:: Exercise instructions ::
Look in the data below for the line that has "Регистрационная анкета в", then print exactly every line from there through the line that has "brother|ブラザー 【ブラザー純正】ピータッチ ラミネートテープ", leaving pictures out.

:: Data supplied ::
========

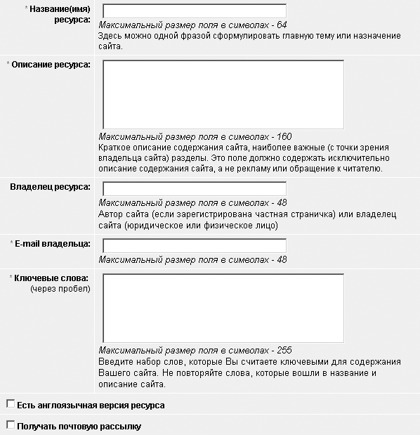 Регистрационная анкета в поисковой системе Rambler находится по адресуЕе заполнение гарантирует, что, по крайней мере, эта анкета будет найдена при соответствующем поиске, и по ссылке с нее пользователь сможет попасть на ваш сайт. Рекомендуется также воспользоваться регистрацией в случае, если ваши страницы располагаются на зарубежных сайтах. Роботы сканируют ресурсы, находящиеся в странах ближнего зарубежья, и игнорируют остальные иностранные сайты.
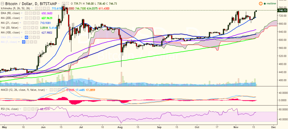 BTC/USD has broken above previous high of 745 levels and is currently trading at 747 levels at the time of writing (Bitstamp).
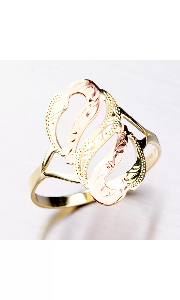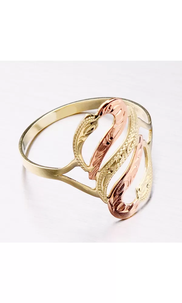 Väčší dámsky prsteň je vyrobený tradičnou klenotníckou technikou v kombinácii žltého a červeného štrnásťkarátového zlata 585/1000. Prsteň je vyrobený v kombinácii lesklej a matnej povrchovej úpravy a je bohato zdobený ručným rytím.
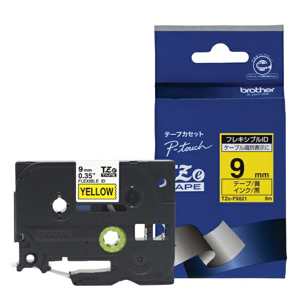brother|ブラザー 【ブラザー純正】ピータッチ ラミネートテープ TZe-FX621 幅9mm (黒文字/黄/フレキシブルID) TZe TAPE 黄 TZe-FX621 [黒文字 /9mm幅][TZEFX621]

========

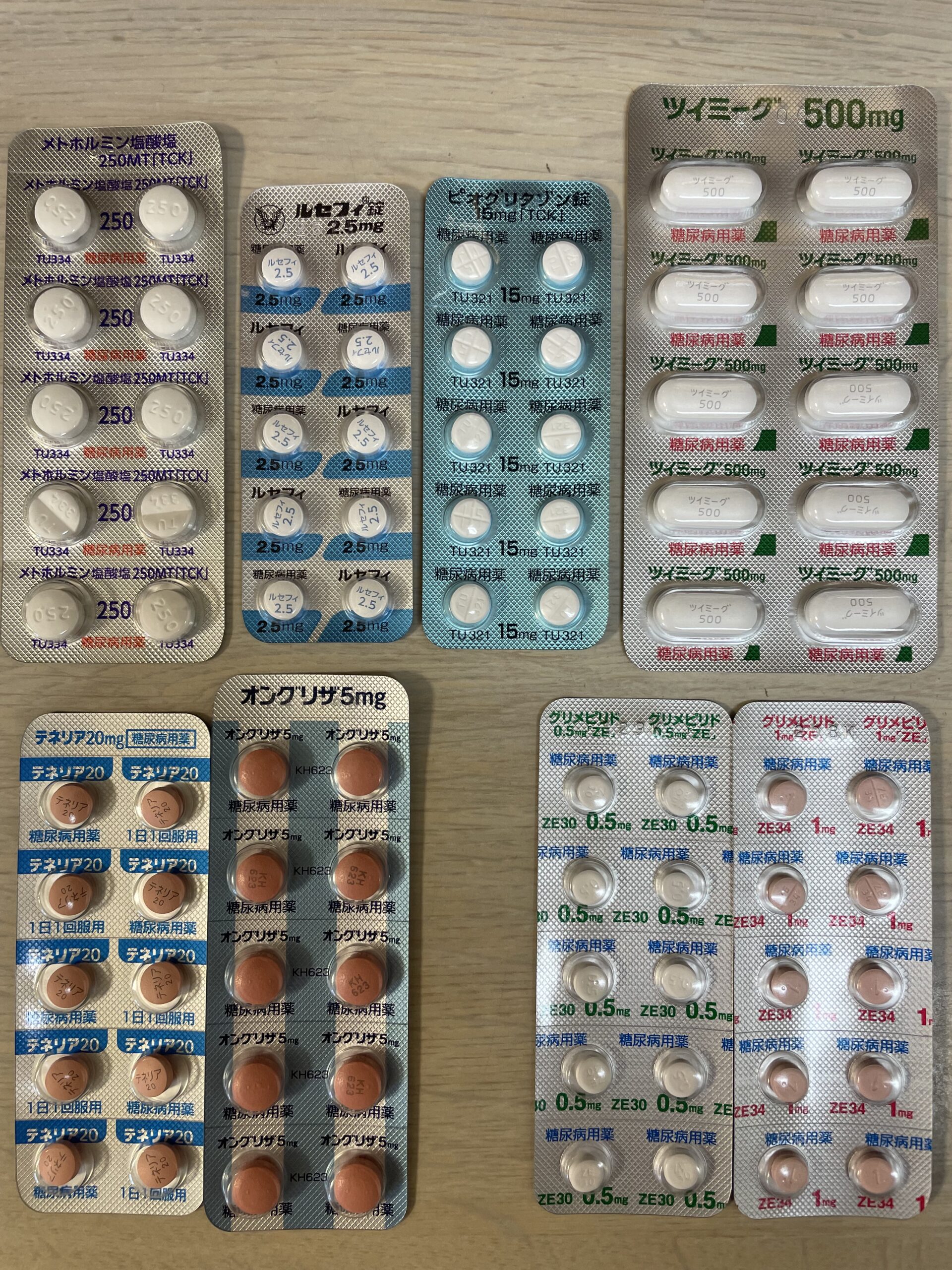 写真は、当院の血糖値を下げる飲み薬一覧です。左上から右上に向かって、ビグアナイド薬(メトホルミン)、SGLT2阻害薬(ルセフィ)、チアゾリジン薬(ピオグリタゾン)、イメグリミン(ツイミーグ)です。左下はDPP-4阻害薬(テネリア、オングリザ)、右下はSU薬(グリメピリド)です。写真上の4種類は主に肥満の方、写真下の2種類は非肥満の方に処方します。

========

:: Answer to this exercise ::
 Регистрационная анкета в поисковой системе Rambler находится по адресуЕе заполнение гарантирует, что, по крайней мере, эта анкета будет найдена при соответствующем поиске, и по ссылке с нее пользователь сможет попасть на ваш сайт. Рекомендуется также воспользоваться регистрацией в случае, если ваши страницы располагаются на зарубежных сайтах. Роботы сканируют ресурсы, находящиеся в странах ближнего зарубежья, и игнорируют остальные иностранные сайты.
 BTC/USD has broken above previous high of 745 levels and is currently trading at 747 levels at the time of writing (Bitstamp).
 Väčší dámsky prsteň je vyrobený tradičnou klenotníckou technikou v kombinácii žltého a červeného štrnásťkarátového zlata 585/1000. Prsteň je vyrobený v kombinácii lesklej a matnej povrchovej úpravy a je bohato zdobený ručným rytím.
brother|ブラザー 【ブラザー純正】ピータッチ ラミネートテープ TZe-FX621 幅9mm (黒文字/黄/フレキシブルID) TZe TAPE 黄 TZe-FX621 [黒文字 /9mm幅][TZEFX621]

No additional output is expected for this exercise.